The complainant was examined by a forensic interviewer at the children's center. During her interview, the complainant revealed that appellant had touched her in “her front and her back.” The Houston Police Department was called to investigate appellant, but it declined to pursue criminal charges because the complainant had not made a sufficiently clear outcry of sexual abuse.
EXTRANEOUS OFFENSE EVIDENCE
In his first issue, appellant complains about the admission of extraneous offense evidence, which consisted of both live testimony and records from the complainant's visit in 2005 to the hospital and children's center. We review the trial court's decision to admit such evidence for an abuse of discretion. See Moses v. State, 105 S.W.3d 622, 627 (Tex.Crim.App.2003). A trial court does not abuse its discretion if its decision falls within the “zone of reasonable disagreement.” See Montgomery v. State, 810 S.W.2d 372, 391 (Tex.Crim.App.1991) (op. on reh'g).
Evidence of a defendant's bad character is generally not admissible to prove that the defendant acted in conformity therewith. See Tex.R. Evid. 404(b).
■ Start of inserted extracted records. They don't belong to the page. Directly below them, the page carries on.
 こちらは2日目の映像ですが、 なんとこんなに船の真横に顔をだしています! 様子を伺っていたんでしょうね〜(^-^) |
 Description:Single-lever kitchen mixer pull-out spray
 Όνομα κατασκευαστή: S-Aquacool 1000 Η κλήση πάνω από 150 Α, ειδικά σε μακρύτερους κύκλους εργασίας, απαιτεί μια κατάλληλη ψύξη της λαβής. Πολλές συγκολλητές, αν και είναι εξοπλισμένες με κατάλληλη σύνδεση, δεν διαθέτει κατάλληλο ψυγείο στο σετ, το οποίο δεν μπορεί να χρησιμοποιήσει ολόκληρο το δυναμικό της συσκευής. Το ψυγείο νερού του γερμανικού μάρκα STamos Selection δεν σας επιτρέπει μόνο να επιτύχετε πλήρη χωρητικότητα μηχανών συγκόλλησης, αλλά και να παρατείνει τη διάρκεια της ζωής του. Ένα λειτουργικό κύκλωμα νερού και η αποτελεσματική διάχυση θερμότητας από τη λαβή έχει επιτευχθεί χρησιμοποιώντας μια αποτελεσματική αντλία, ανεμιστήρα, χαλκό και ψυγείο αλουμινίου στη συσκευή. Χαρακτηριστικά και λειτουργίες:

However, when a defendant is charged with sexual assault of a child, evidence of a previous offense or bad act involving the same child may be admissible under article 38.37 of the Code of Criminal Procedure. At the time of trial, the applicable version of Article 38.37 stated as follows:
Notwithstanding Rules 404 and 405, Texas Rules of Evidence, evidence of other crimes, wrongs, or acts committed by the defendant against the child who is the victim of the alleged offense shall be admitted for its bearing on relevant matters, including:
(1) the state of mind of the defendant and the child; and
(2) the previous and subsequent relationship between the defendant and the child.
Tex.Code Crim. Proc. art. 38.37, § 2 (2012).
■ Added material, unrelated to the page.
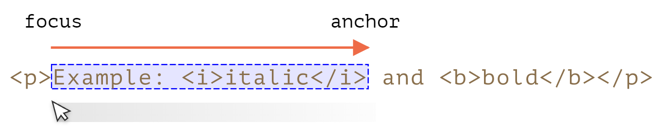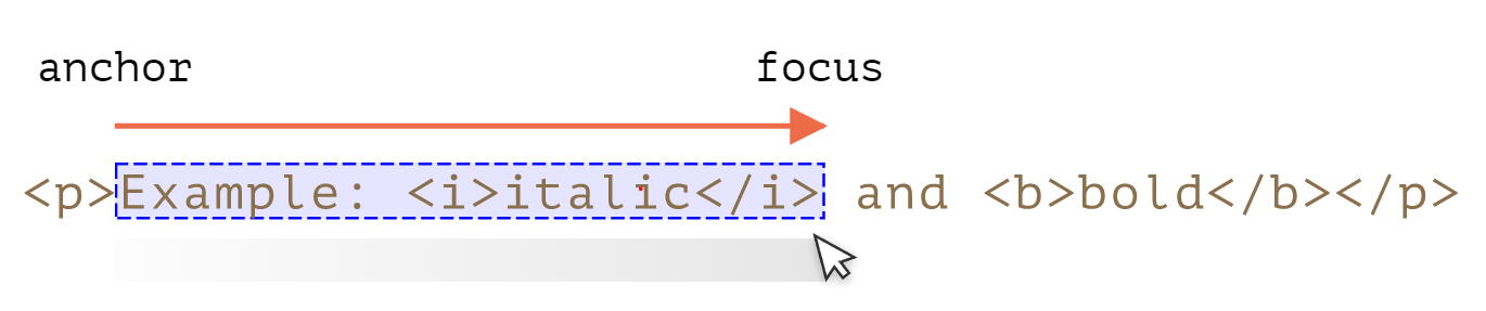 如果用户使用鼠标从 “Example” 开始选择到 “italic”

The evidence in this case was relevant because it tended to rebut the defense's theory that the complainant had fabricated her story. There was no testimony at trial that appellant had disciplined the complainant when she was only three years old. The extraneous offense evidence accordingly showed that the complainant was making a consistent statement and that she had no motive to invent a story to be used against appellant. We conclude that the trial court did not abuse its discretion by determining that the evidence was relevant and admissible under Article 38.37. See Tex.R. Evid. 401 (the test for relevance is whether the evidence has “any tendency to make the existence of any fact that is of consequence to the determination of the action more probable or less probable than it would be without the evidence”); Burke v. State, 371 S.W.3d 252, 256–57 (Tex.App.-Houston [1st Dist.] 2011, pet. dism'd) (holding that evidence about unadjudicated sexual assaults committed in one county was admissible under the statute to prove that the defendant committed another assault against the same child in a different county).
Appellant argues that the evidence should not have been admitted because the evidence did not clearly establish that an offense had been committed. Appellant suggests that the evidence was too weak to be admitted because the complainant was very young at the time the allegations were made, there were no medical findings of sexual abuse, and no prosecution resulted from that earlier incident. All of these points invoke questions regarding the weight of the evidence, not whether the evidence was relevant and admissible.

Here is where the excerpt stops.